Set down exactly the lines below, starting at the one that contains "Sonnen- und Überwinterungsplatz für Reptilien" and ending at the one that contains "Mit der Anlage", with both of those lines included and nothing else.

Records to use:
****************************************
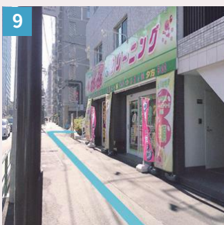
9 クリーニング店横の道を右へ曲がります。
****************************************
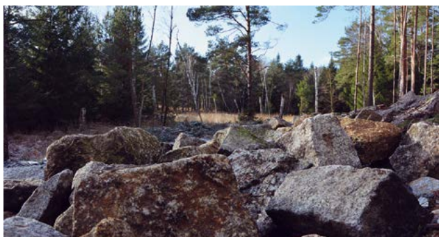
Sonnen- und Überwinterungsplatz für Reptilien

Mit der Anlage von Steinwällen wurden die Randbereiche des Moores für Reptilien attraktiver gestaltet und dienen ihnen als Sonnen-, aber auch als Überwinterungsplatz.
****************************************
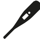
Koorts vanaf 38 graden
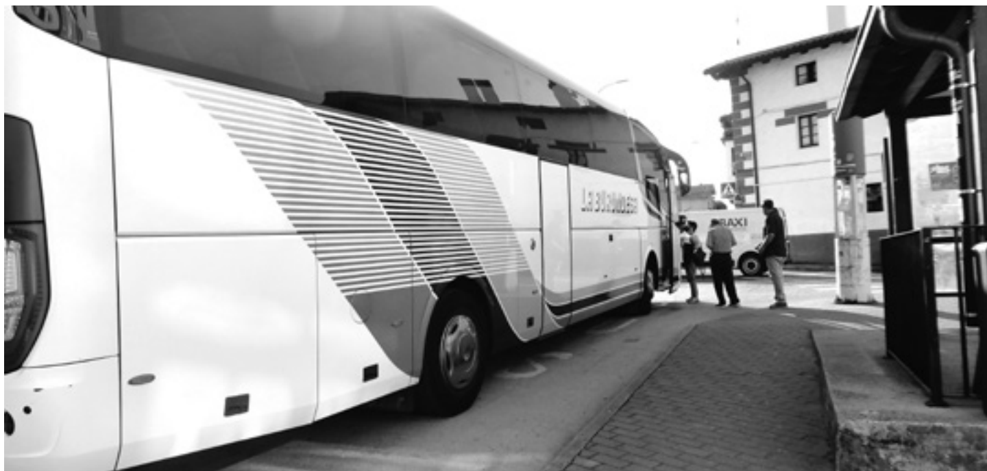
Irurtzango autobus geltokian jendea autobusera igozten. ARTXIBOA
****************************************
Answer for the task:
Sonnen- und Überwinterungsplatz für Reptilien

Mit der Anlage von Steinwällen wurden die Randbereiche des Moores für Reptilien attraktiver gestaltet und dienen ihnen als Sonnen-, aber auch als Überwinterungsplatz.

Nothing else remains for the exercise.